I'll check that out, thanks.

I've been trying to use GL_RGBA32F_ARB (from the ARB_texture_float
extension) but unfortunately the results are still clamped to [0,1]. Specifically this is how I create my texture:


glTexImage2D ( GL_TEXTURE_2D, 0, GL_RGBA32F_ARB, texture_width, texture_height, 0, GL_RGBA, GL_FLOAT, pixels)


Then I render everything using shaders, for testing I set the output color in my fragment shader to float4(0.1234, 2.0, 3.0, 4.0). When I look at the output in my texture using:


glGetTexImage( GL_TEXTURE_2D, 0, GL_RGBA, GL_FLOAT, pixels )


I get (0.1234, 1.0, 1.0, 1.0), which is a kick in the balls.

When searching for similar issues I found suggestions to use the following function calls, which are supposed to disable color clamping ( it's from the ARB_color_buffer_float extension ):

glClampColorARB(GL_CLAMP_VERTEX_COLOR_ARB, GL_FALSE);
glClampColorARB(GL_CLAMP_READ_COLOR_ARB, GL_FALSE);
glClampColorARB(GL_CLAMP_FRAGMENT_COLOR_ARB, GL_FALSE);

Tried those out, no luck, everything clamped tight..

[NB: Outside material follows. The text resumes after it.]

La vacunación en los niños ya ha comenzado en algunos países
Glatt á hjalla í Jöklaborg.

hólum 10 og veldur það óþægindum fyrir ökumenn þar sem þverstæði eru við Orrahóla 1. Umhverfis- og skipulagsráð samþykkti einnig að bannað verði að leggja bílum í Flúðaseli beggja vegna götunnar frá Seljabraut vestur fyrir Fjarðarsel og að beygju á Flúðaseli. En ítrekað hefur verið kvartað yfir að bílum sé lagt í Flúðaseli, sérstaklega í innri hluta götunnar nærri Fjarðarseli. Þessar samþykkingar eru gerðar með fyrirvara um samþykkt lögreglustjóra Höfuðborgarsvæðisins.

I should mention that I'm on a Mac (9600M GT) and some Mac people (8600 by the looks of it) say that they couldn't use the glClampColorARB. However everything did compile and run without errors so I assume the extension is supported on my platform/hardware, not sure though..

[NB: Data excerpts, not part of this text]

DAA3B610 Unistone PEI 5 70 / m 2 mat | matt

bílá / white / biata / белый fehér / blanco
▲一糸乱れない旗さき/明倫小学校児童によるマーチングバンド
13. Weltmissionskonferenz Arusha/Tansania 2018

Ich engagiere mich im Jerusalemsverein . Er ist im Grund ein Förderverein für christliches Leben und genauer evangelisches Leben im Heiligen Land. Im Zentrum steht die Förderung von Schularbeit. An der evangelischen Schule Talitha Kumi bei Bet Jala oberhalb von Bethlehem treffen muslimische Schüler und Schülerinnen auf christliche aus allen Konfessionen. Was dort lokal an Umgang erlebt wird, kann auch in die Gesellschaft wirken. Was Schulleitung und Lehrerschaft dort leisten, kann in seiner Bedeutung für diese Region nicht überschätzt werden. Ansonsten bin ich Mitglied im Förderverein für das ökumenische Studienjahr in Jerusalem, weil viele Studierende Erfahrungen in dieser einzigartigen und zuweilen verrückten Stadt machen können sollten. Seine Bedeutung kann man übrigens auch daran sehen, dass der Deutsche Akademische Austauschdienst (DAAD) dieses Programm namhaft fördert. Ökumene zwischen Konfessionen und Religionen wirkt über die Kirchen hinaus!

Any ideas on how this can be solved?
Haven't used this extension before so not really :) I would check for the extension string to make sure - just compiling doesn't guarantee anything, and it may be giving you a lower-grade texture at run-time if float is not available. Based on your description, I take it you are rendering to a texture attached to a FBO?
Ok.

Actually, I am just copying from the back-buffer into a texture. I am gonna try out FBOs now ( total newbie here :)
Quote:Original post by sveinn
I've been trying to use GL_RGBA32F_ARB (from the ARB_texture_float
extension) but unfortunately the results are still clamped to [0,1]. Specifically this is how I create my texture:

glTexImage2D ( GL_TEXTURE_2D, 0, GL_RGBA32F_ARB, texture_width, texture_height, 0, GL_RGBA, GL_FLOAT, pixels)

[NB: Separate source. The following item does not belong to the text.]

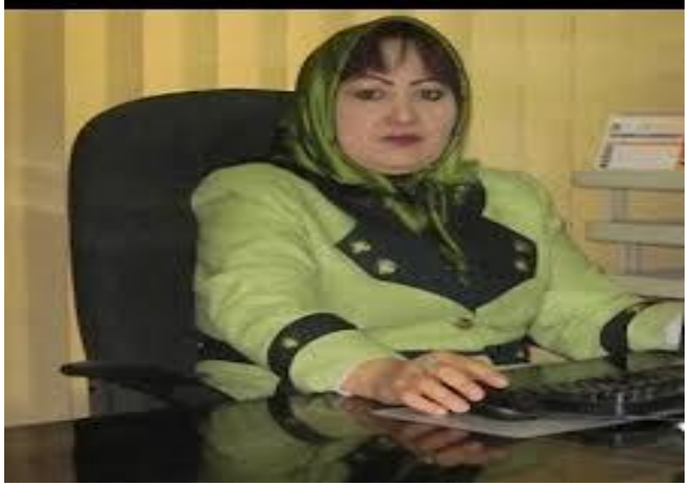
Afganistan İlk Bayan Kaymakam

Then I render everything using shaders, for testing I set the output color in my fragment shader to float4(0.1234, 2.0, 3.0, 4.0). When I look at the output in my texture using:

glGetTexImage( GL_TEXTURE_2D, 0, GL_RGBA, GL_FLOAT, pixels )

I get (0.1234, 1.0, 1.0, 1.0), which is a kick in the balls.
Try checking that you do indeed receive a float texture (OpenGL is free to fall back to 8-bit textures if it can't support floating point textures):
nformat = GLint()glGetTexLevelParameteriv(target, 0, GL_TEXTURE_INTERNAL_FORMAT, byref(nformat))if nformat.value != internal_format:	print 'requested format not available, falling back to: %s' % (nformat.value)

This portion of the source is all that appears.